As many in our great nation hurt during these horrible economic times, news of great wealth and lavish lifestyles become more and more off-putting. However, that’s not stopping the Biden White House.

As the hiring frenzy continues, it’s been leaked that the Bidens just hired a personal chef for their two dogs. But that’s not the worst part. They are paying him $150k a year to cook for just their dogs!

Think about how many people are hungry right now. Think of the children going to bed at night with empty stomachs. And here, we have taxpayer money going to pay for the slopping of a couple of dogs.
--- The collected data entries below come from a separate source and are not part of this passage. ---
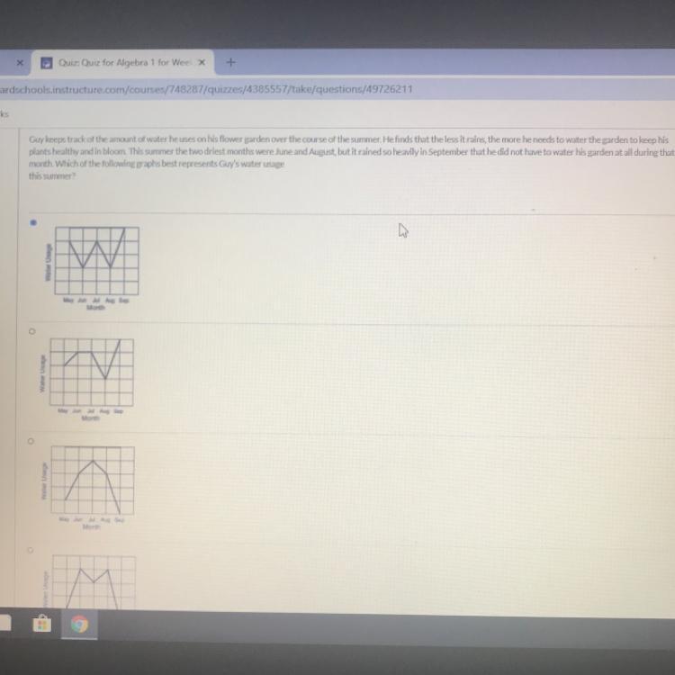 The clue is that he used very little water in September, so the graph where the line goes down in September is the best choice. The months of June and July should have the line higher since he used more water during those dry months.
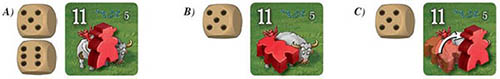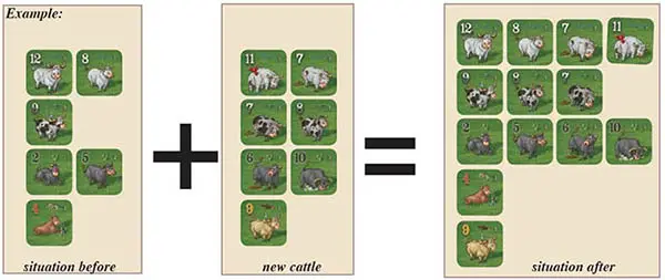 Example: The white Herd has to be sold now. The black Herd could still grow. The brown Herd cannot grow any more by adding collected Cattle, but it will only be sold when another Cattle Tile of the same race is about to be added (or at the end of the game). (Exception: Special Actions, see there).
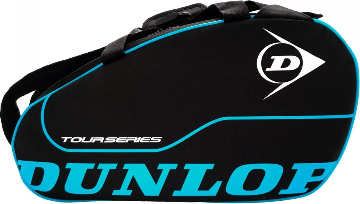 Nieuwe Dunlop Tour Intro II padel rackettas met een medium formaat. Het heeft een vak voor de rackets, een ander groter centraal vak voor kleding en accessoires.
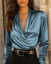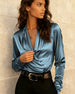 SPECIFICATIONS Top Type: Blouses Style: Elegant Material: Polyester Occasion: Daily,Party Neckline: V neck_V Pattern Type: Solid Color Sleeve Type: butterfly sleeve Sleeve Length: Nine Points Sleeve Fit Type: Regular Season: Spring,Fall Details: Zipper Package Includes: 1 x Blouse SIZE TABLE Size Bust Length CM INCH CM INCH S 97...
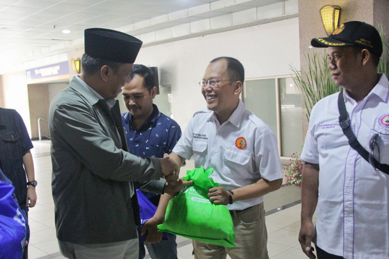 Pemerintah Kota Jakarta Selatan menggelar peringatan May Day di selasar kantor Wali Kota Jakarta Selatan, di Jalan Prapanca, Kelurahan Petogogan, Kecamatan Kebayoran Baru, Rabu (1/5). Kegiatan pemberian santunan dan sembako kepada buruh dan keluarga pekerja yang kekurangan, seperti yatim piatu dan janda ini melibatkan 250 peserta dari lima serikat perkerja di wilayah Jakarta Selatan.
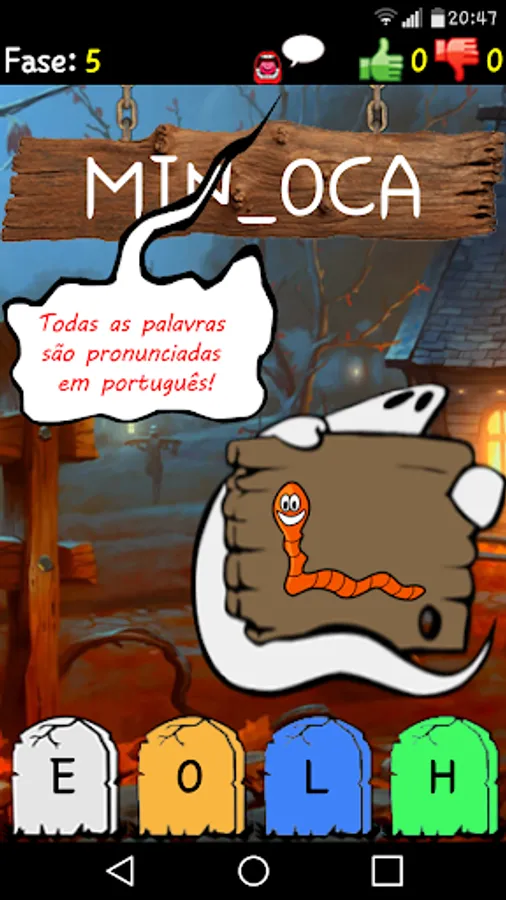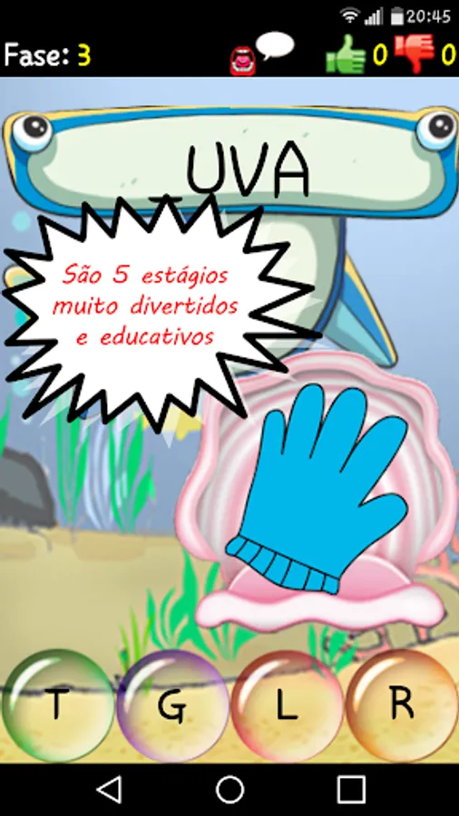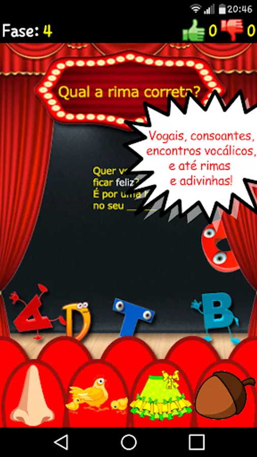 The game as a source of fun and discovery stimulates child learning, and this playful activity the child has access to a colorful and attractive interface, in which it will choose the letrinha to complete the word appears. Each word corresponds to an image and an audio with pronunciation in the human voice. For this role you must have installed the Google Text-to-Speech .
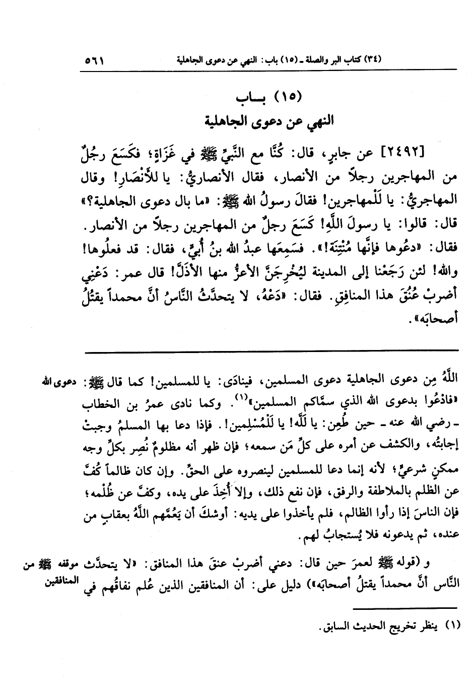 [2492] عن جَابِرَ قال: كُنَّا مَعَ النَّبِيِّ صَلَّى اللَّهُ عَلَيهِ وَسَلَّمَ فِي غَزَاةٍ فَكَسَعَ رَجُلٌ مِن المُهَاجِرِينَ رَجُلًا مِن الأَنصَارِ فَقَالَ الأَنصَارِيُّ: يَا لَلأَنصَارِ! وَقَالَ المُهَاجِرِيُّ: يَا لَلمُهَاجِرِينَ! فَقَالَ رَسُولُ اللَّهِ صَلَّى اللَّهُ عَلَيهِ وَسَلَّمَ: مَا بَالُ دَعوَى الجَاهِلِيَّةِ؟ قال: قَالُوا: يَا رَسُولَ اللَّهِ كَسَعَ رَجُلٌ مِن المُهَاجِرِينَ رَجُلًا مِن الأَنصَارِ، فَقَالَ: دَعُوهَا فَإِنَّهَا مُنتِنَةٌ، فَسَمِعَهَا عَبدُ اللَّهِ بنُ أُبَيٍّ، فَقَالَ: قَد فَعَلُوهَا وَاللَّهِ! لَئِن رَجَعنَا إِلَى المَدِينَةِ لَيُخرِجَنَّ الأَعَزُّ مِنهَا الأَذَلَّ. قَالَ عُمَرُ: دَعنِي أَضرِبُ عُنُقَ هَذَا المُنَافِقِ، فَقَالَ: دَعهُ، لَا يَتَحَدَّثُ النَّاسُ أَنَّ مُحَمَّدًا يَقتُلُ أَصحَابَهُ.
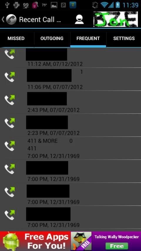 سجل المكالمات الأخيرة بسيطة لجهازك. توفر علامات التبويب لاتصالات جرت مؤخرا، والاتصالات غاب، حاولت الاتصالات، والاتصالات المتكررة.
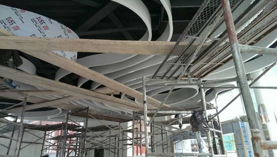 金屬吊頂?shù)陌惭b與一般的工程設備安裝有著很大的區(qū)別。常見的工程設備安裝,一般都是由工廠送達整臺設備,到現(xiàn)成后就位,然后接通管道和線路就算完工。因此,它的主要工作量是設備就位和接通線路。而金屬吊頂?shù)陌惭b,則是把一大批散件即單塊金屬板,按圖紙邊懸吊邊拼接,直至完工。其特點如下: 一、從零散到整體成型 吊頂板成品面積一般都很小,出廠時之多不超過3平方面積。僅僅從單塊的小板出發(fā),人們是無法看到整個工程的形狀的,因此也無法體現(xiàn)出吊頂?shù)墓δ堋V挥邪堰@些零散的吊頂板拼接在一起,才能實現(xiàn)工程的設計要求。在這個過程中,環(huán)節(jié)多、工作量大,而且每一步都要精工細作。這是一個名副其實的“二次”制造過程。 二、突出人的因素 無論如何改進設計或優(yōu)化結構,都無法減少吊頂工程現(xiàn)場施工的工作量,而且也不可能采取機械化來代替手工勞動。這就造成了工程質(zhì)量必須依賴現(xiàn)場施工人員的素質(zhì)和勞動態(tài)度的局面。因此,組織一支優(yōu)秀的安裝隊伍,就成了工程管理的關鍵。而現(xiàn)在的實際狀況是安裝隊伍都是臨時拼湊的,不具備應有素質(zhì)。對此,唯一的辦法就是派出工程師,到現(xiàn)場指導、臨督安裝工作。 三、不可更改性 金屬吊頂?shù)牡甘怯泄S制造的,出廠是這些產(chǎn)品都已經(jīng)定型。到現(xiàn)場即...

Sandy Batt spoke to us under the condition of anonymity saying:

“Those dogs get the finest of foods presented to them. Lobster tail, salmon, filet mignon! You name it, those spoiled beasts get it. Herbert, the chef, does a great job keeping a good variety in the dogs’ diet without upsetting their stomachs. We’ve only had a couple of instances of explosive diarrhea on the carpet in the Oval Office. You have to be very careful with dogs not to make sudden changes in their diets or you’ll have that.”

Herbert is thrilled to have a job as the White House Canine Chef. When he first applied for the job, he worried about the new cuisine. He had never cooked dog before. He studied and studied recipes, many from the Asia Pacific islands.

You can imagine his relief when he realized he was cooking FOR the dogs, not cooking THE dogs.

Champ and Major hit the doggo lotto.

Cesar Millan is cautioning the Bidens about spoiling the dogs, however, Biden insists that both are “good bois” who deserve every bacon ball and treaty known to man!

To hell with the starving children, give them dogs some steak!